Preparation

  • Data source
    • Data is text8.zip downloaded from Mattmahoney.net
    • Data is a 100M characters, the first 1000 is prepared for validation, the remaining is for training
    • Since char is not able to do numerical calculation, each char will be finding a mapping id to represent itself.
    • Char’s id is its numerical value substracting the first ascii char’s numerical value
    • Batch generation
      • A batch is a group of char feed into Tensorflow graph at the same time
      • The batch size is defined as a constant number (64) no matter it is training text or a validation text
      • The way the tutorial extracts a batch is a technique of uniformly extracting: e.g:
      • In the following text, text length is 130, batch size is 5, segment is 130/5 => 26
      • Cursor content in the beginning is [0, 26, 52, 78, 104]
      • Cursor content in the next batch is [1, 27, 53, 78, 105]
        abcdefghijklmnopqrstuvwxyzabcdefghijklmnopqrstuvwxyzabcdefghijklmnopqrstuvwxyzabcdefghijklmnopqrstuvwxyzabcdefghijklmnopqrstuvwxyz
        a<-cursor                 a<-cursor                 a<-cursor                 a<-cursor                 a<-cursor
        
      • The uniformity is achieved by segregating the whole long text into segments
      • Each time when there is batch generation request, we use the cursor list to find the char and then generate the batch
      • In my example, the first batch is [aaaaa], the next batch is [bbbbb] …etc
      • The whole data batch generation can be forever even though the cursor moves beyond the segment or text boundary
      • Because we will modulo the index so when boundary is passed, the index will go back from the beginning
      • But the real batch is a 2D tensor just like this:
        batch index 0 [0, 0, 0, 1, 0, 0, 0, 0, 0]
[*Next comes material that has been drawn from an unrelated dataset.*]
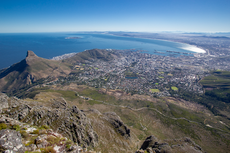 This is from Table Mountain looking down at Camps Bay, the area of town we stayed in. Our hotel is to the left of the field. You can see how the city developed in pockets based on topography. In a later picture, we’ll be on the beach looking back up at this area.

        batch index 1 [0, 0, 0, 0, 1, 0, 0, 0, 0]
        batch index 2 [0, 0, 1, 0, 0, 0, 0, 0, 0]
        batch index 3 [0, 0, 0, 0, 1, 0, 0, 0, 0]
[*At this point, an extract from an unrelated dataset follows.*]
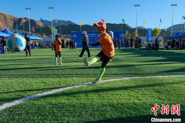 足球運(yùn)動(dòng)在拉薩擁有廣泛的基礎(chǔ),圖為10月26日下午,一群孩子在2024拉薩“村超”足球聯(lián)賽現(xiàn)場練習(xí)射門。中新社記者 江飛波 攝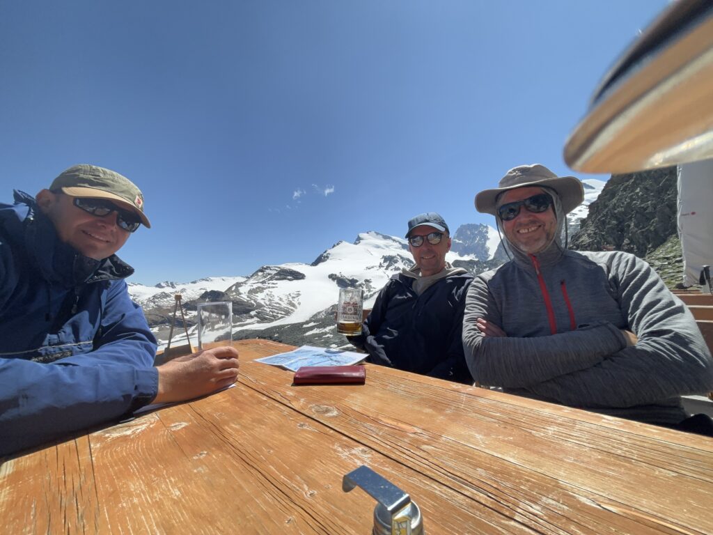 Once at the hütte we summoned up enough strength for a beer and wonders of wonders, a shower, for just 5CHF (£5) each! We had an evening meal at the Hutte but mild altitude sickness still plagued Martin and Ewart who struggled to eat anything.

        batch index 4 [0, 0, 0, 1, 0, 0, 0, 0, 0]
        
      • The batch is a tensor with shape to be (batch_size, vocabulary_size) i.e (64, 26+1)

Training Procedure

  • Aribtrarily defined training steps to be 7001 by course teacher
  • For each step, the training code fetch a number of unrolling batches to the graph. This is because LSTM’s RNN nature. It needs to keep previous chars for calculation
  • For example, in one of the training steps, we fed the graph with a list of length num_unrolling+1
    • [batches[0], batches[1], batches[2], batches[3] .......... batches[num__unrolling]]
      • Each batches[i] contains 64 1-hot vectors converted from characters extracted from source uniformly distributed
      • *a* b c d __first step__
      • ` d e f g second step`
  • Feeding the graph
    • feed_dict[train_data[i]] = batches[i] This is in the session training loop
    • train_data.append(tf.placeholder(...blah...)) This is in the graph
    • All I think is that code is a bit of magic. All we can imagine is using this high level interpretation: train_data[i] = batches[i]